### Task instructions:
Output range, inclusive: from the line containing "Le Bistro de" to the line containing "تیم استقلال خوزستان". Restate those lines from the data below word for word and only those.

### Information:
Content starts
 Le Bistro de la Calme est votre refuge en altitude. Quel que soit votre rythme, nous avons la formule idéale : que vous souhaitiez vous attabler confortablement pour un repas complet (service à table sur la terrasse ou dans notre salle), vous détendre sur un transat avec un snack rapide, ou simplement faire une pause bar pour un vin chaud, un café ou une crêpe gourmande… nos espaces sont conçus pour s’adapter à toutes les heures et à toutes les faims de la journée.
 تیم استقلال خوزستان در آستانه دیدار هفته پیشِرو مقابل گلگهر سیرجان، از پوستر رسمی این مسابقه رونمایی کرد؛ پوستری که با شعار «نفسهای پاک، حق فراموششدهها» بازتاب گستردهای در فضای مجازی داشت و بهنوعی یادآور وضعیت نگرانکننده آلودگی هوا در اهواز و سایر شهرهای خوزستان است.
Content ends
Content starts
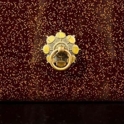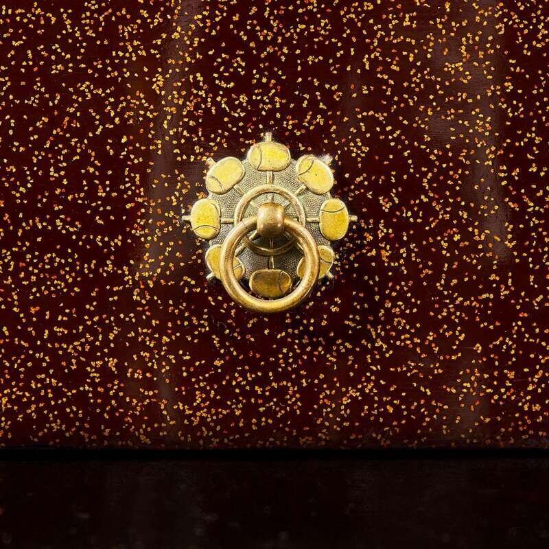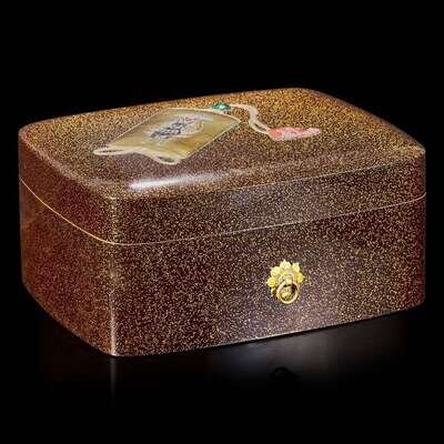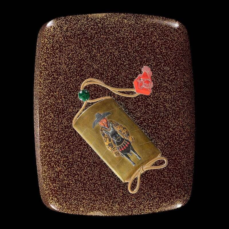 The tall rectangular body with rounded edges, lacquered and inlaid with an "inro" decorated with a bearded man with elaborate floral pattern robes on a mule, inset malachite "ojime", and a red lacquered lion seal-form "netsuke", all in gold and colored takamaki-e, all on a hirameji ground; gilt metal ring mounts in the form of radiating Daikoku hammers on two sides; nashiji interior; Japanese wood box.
Content ends
### Solution for this problem:
 Le Bistro de la Calme est votre refuge en altitude. Quel que soit votre rythme, nous avons la formule idéale : que vous souhaitiez vous attabler confortablement pour un repas complet (service à table sur la terrasse ou dans notre salle), vous détendre sur un transat avec un snack rapide, ou simplement faire une pause bar pour un vin chaud, un café ou une crêpe gourmande… nos espaces sont conçus pour s’adapter à toutes les heures et à toutes les faims de la journée.
 تیم استقلال خوزستان در آستانه دیدار هفته پیشِرو مقابل گلگهر سیرجان، از پوستر رسمی این مسابقه رونمایی کرد؛ پوستری که با شعار «نفسهای پاک، حق فراموششدهها» بازتاب گستردهای در فضای مجازی داشت و بهنوعی یادآور وضعیت نگرانکننده آلودگی هوا در اهواز و سایر شهرهای خوزستان است.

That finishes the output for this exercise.